Patrick O´Donovan: In among these unfamiliar shapes, there were the visitors, and they were not dwarfed by the show, they were part of it. There were the thousands of women whose feet hurt and weren´t going to give up. There were clusters of fierce little boys, filled with their secret purposes. There were suspicious housewives who wondered what they´d have to buy the disappointed ones who wanted free samples. There were the militant individualists who weren´t going to take any notice of the officious arrows, and blame the organisers when they got lost. There were the lovers that were indifferent to it all. There were people who began to feel uncomfortable yet hesitated to ask. There were cautious intellectuals who´d seen better in Stockholm and Paris There were the foreigners in un-English clothes who secretly got stared at behind their backs, while they were often amazed at this spectacle of the British at their ease.
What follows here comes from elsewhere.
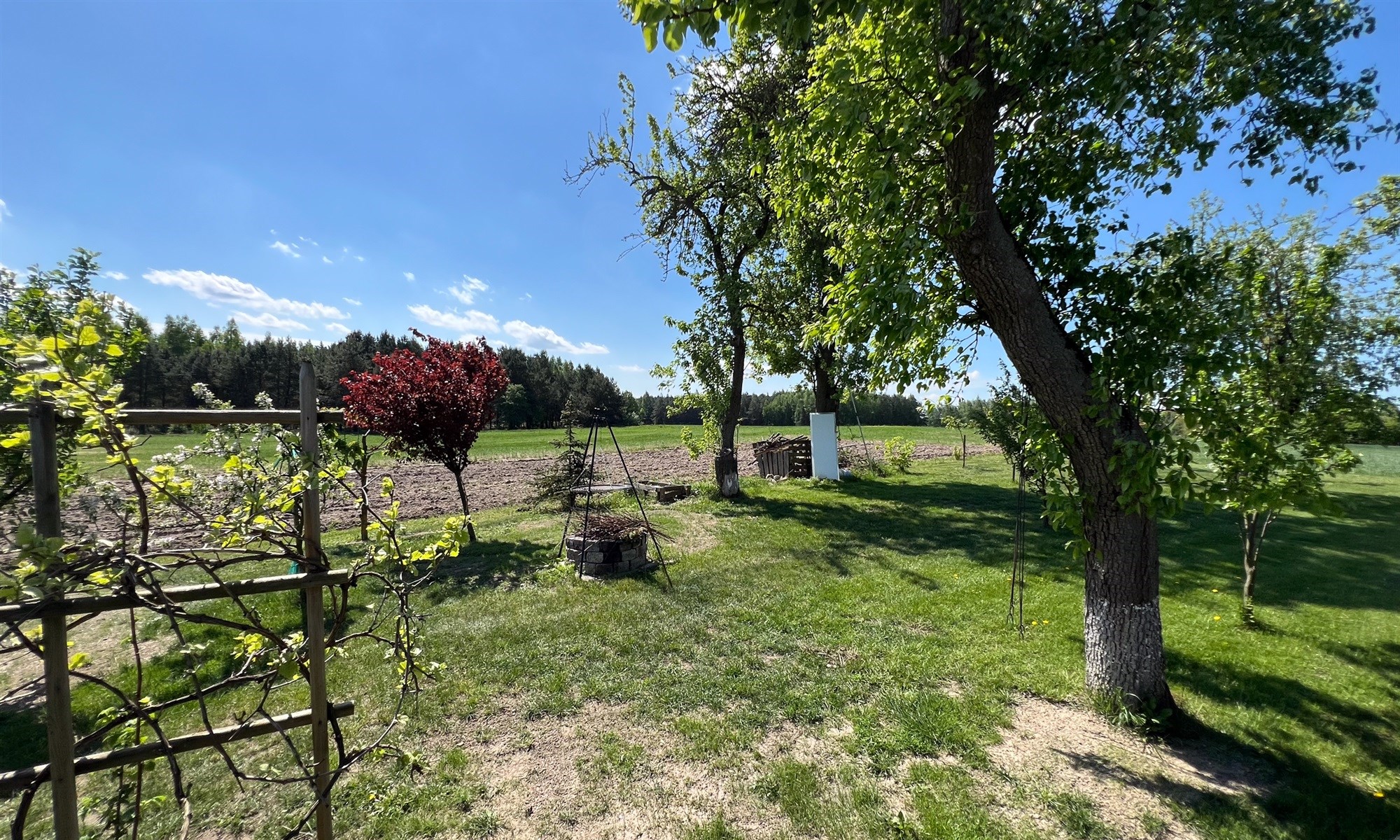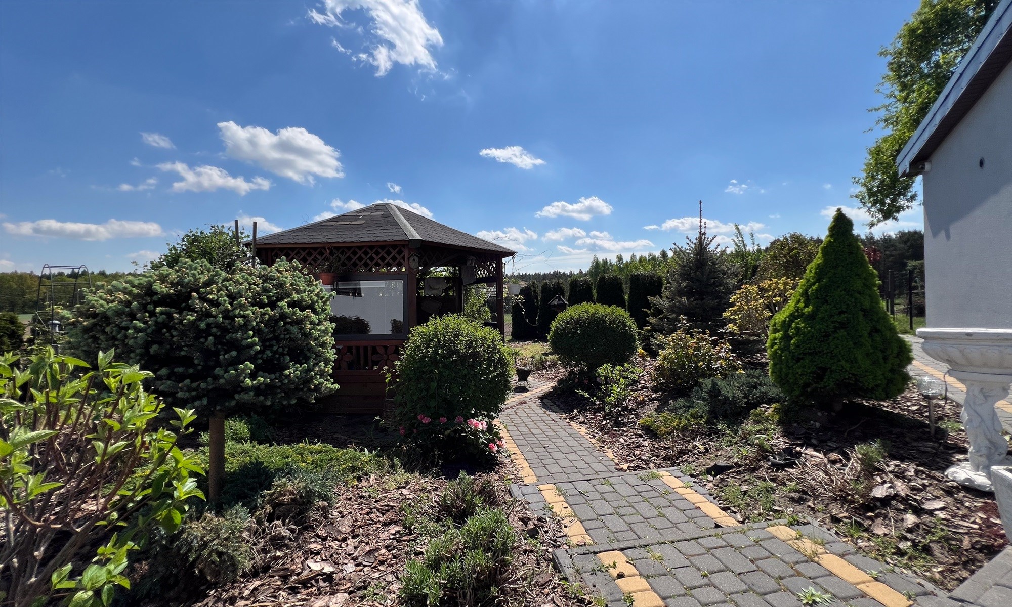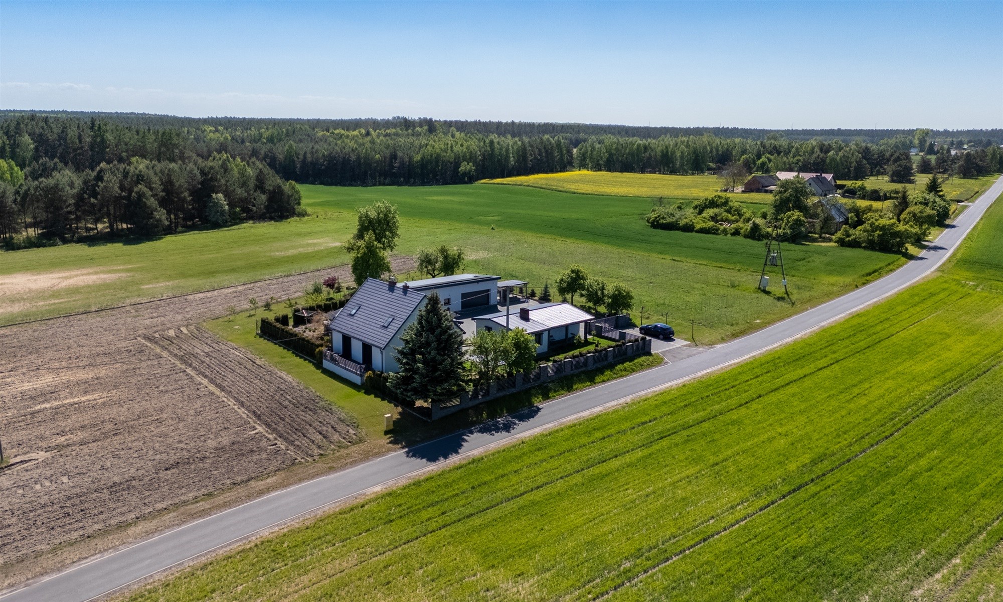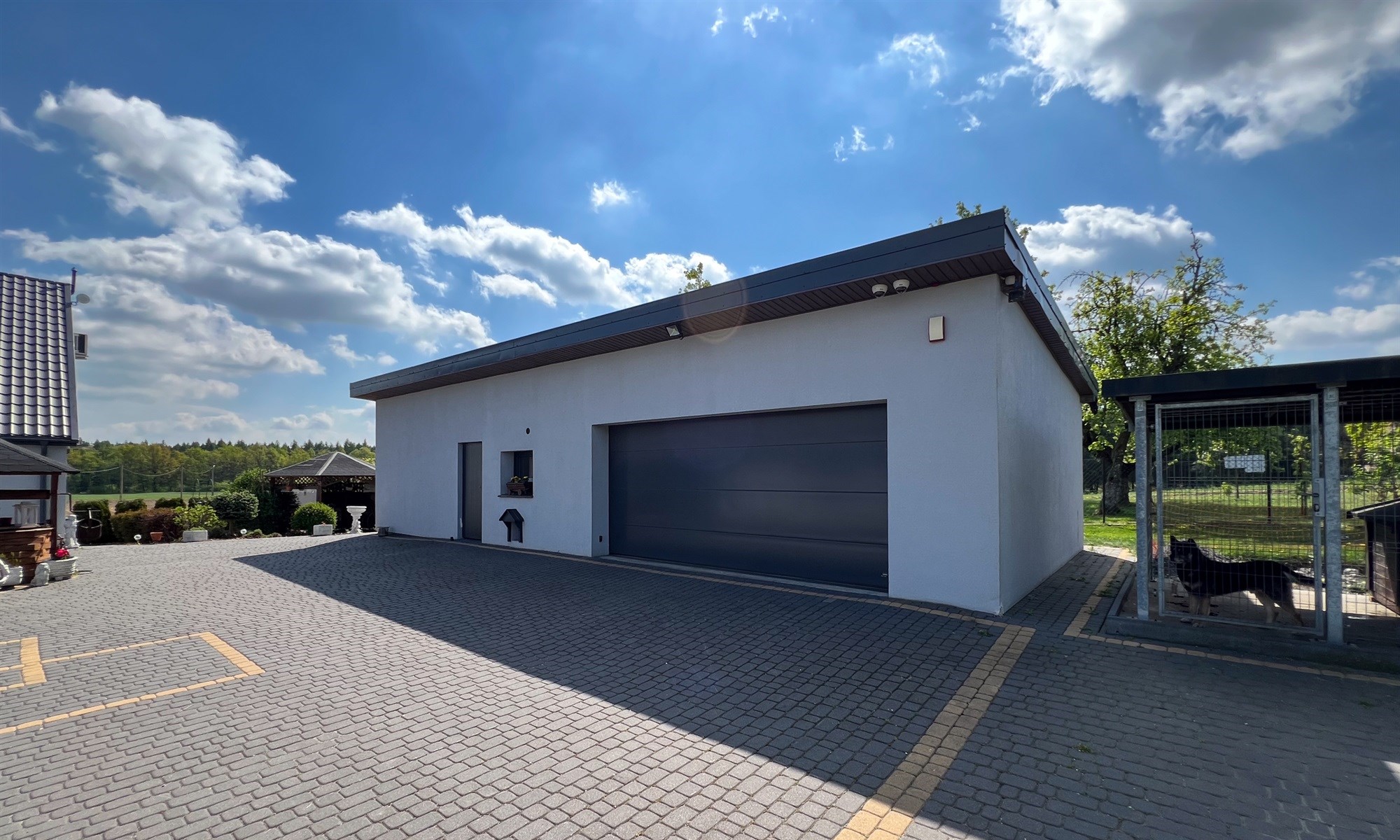 Cała posesja jest bardzo zadbana. Teren pomiędzy budynkami wyłożony kostką (ok 500 m2). Wkoło domu niewielki ogród z trawnikiem i drzewami owocowymi. Cała działka ma powierzchnię 15 800 m2. Ogrodzona została częściowo.

There were people who wanted tea, and people who wanted a four course dinner with two sorts of wine. And all of them in a special mood, slightly excited, slightly exaggerated. A mood that had been made by the building, the colour and the music.

Sir Hugh Casson: One of the greatest successes of the South Bank was the North Bank, a great stone drop curtain of familiar buildings, familiar, but here perhaps really seen for the first time. We used this existing scenery with care, emphasising, exaggerating, screening. Big Ben was withheld from view and then suddenly revealed, a Victorian block of flats looked like a fairy palace crowned with a forest of flags and turrets. The dome of St Paul´s floated above London but beneath a mobile sculpture. And we used other fixtures too, a barge dock that had been exposed by the bombing, was patched and painted to serve as a yacht basin. The old ship tower was topped with a radar device. The site wasn´t bulldozed flat like a pre-war housing site just to make things easy and level and dull. There were flights of steps that led from one area to another. They formed plinths for buildings or settings for fountains. They linked or separated, they dramatised or played down.

Patrick O´Donovan: Buildings are the settings in which men move, and they can affect his way of life almost as much as his diet and his clothing. A well designed town is part of his wealth. Here at the South Bank there was a blueprint for new towns, light hearted, sensible, not too dear, practical and never boring. It was also the setting for the pageantry that British people love. It was a setting for the horrible things that happen under English skies. This is a time when the lights go on in the ordinary streets and people think of what to do and where to go. This is the time when night falls in the city and across the river, and cars glisten in the street lights. The noise in the business districts drains away and in the suburban roads there´s only the sound of quick feet on a pavement. There was half an hour when the lights struggled with what was left of the day. And then in the artificial glitter the music took charge, and then it was most lovely and least serious. It is not a usual custom for people to dance in public in England, but here the place and the occasion seemed to demand it. People enjoyed this, even if they had to dance grotesquely in overcoats and late in the year. It may have taught the men who are building our cities something, it may have given impetus to a new approach to building here in Britain. But for ordinary people, it was fun. There were no resounding proud messages here, no one was taught to hate anything, At a time when nations were becoming assertive and more intolerant, here was a national exhibition that avoided these emotions, and tried to stay rational. In a bad year in the world´s history, it had a spiritual quality that is worth remembering.